Quoiqu’il n’y fît pas très clair, Nicolas put reconnaître qu’il se trouvait tout près de la première coulisse, à côté du trou du souffleur, contre des murailles nues, des toiles poudreuses, des nuages moisis, des draperies barbouillées à grands coups de brosse, et un parquet des plus malpropres. En portant les yeux autour de lui, sur le plafond, sur le parterre, les loges, la galerie, l’orchestre, les ornements et les décors en général, tout lui parut grossier, froid, triste, misérable.

« Est-ce que c’est là ce qu’on nomme un théâtre ? lui dit tout bas Smike ébahi. J’avais toujours cru que ce devait être éblouissant de luxe et de lumière.

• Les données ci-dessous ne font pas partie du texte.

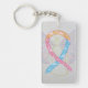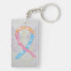 The guardian angel keychain features the art of a congenital diaphragmatic hernia awareness ribbon angel painting. The congenital diaphragmatic hernia awareness angel ribbon art keychain can be customised with personalised messages to make great cause keychains for fundraisers, awareness gifts, or other special events or occasions.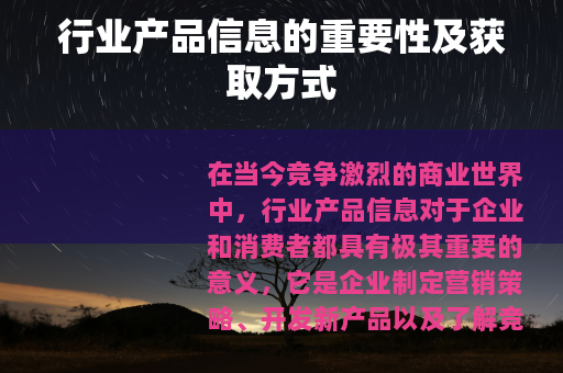 在当今竞争激烈的商业世界中,行业产品信息对于企业和消费者都具有极其重要的意义,它是企业制定营销策略、开发新产品以及了解竞争对手的关键依据,同时也是消费者做出明智购买决策的重要参考。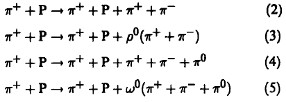 كما يمكن أن ينتج عن تشتت البايونات عن البروتونات تكون قمم أخرى حسب التفاعلات التالية:

— Vous ne vous trompiez pas, répondit Nicolas qui n’était guère moins surpris. Mais, voyez-vous, ce n’est pas pendant le jour, Smike, ce n’est que le soir. »

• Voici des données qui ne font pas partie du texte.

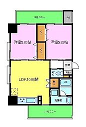 2LDKの間取りの中には、住戸内に階段を設けている2階建てタイプのメゾネット型もあります。デザイナーズマンションでよく見られる間取りですが、下の階にLDKとお風呂、トイレなどの水回りを配置し、上の階に2つの居室を配置している間取りが一般的です。

Pendant qu’il examinait ainsi curieusement les détails de l’édifice, la voix du directeur appela son attention vers l’avant-scène vis-à-vis. Là on voyait assise à une petite table d’acajou de forme oblongue, supportée sur des pieds rachitiques, une vaste et forte femme qui paraissait avoir entre quarante et cinquante ans, avec une robe de soie passée, tenant à la main, par les rubans, son chapeau, qu’elle balançait à plaisir, les cheveux (des cheveux abondants) tressés en larges festons sur ses deux tempes.

« Monsieur Johnson, lui dit le directeur, car Nicolas avait gardé le nom que lui avait donné Newman Noggs chez les Kenwigs, que je vous présente Mme Vincent Crummles.

— Je suis charmée de vous voir, monsieur, dit Mme Vincent Crummles d’une voix sépulcrale. Je suis enchantée de vous voir, et plus encore de saluer en vous un membre d’avenir pour notre corps. »

La dame, en lui adressant ce compliment, lui tendit la main, une fameuse main, comme Nicolas put s’en apercevoir à l’étreinte puissante dont cette main de fer honora la sienne.

« Et ce jeune homme… ajouta-t-elle en s’avançant vers Smike du pas d’une tragédienne qui marche sur la scène, conformément aux prescriptions de son rôle, ce jeune homme est votre compagnon ? Soyez aussi le bienvenu, monsieur.

— Il fera bien l’affaire, qu’en pensez-vous, ma chère ? dit le directeur en prenant une prise de tabac.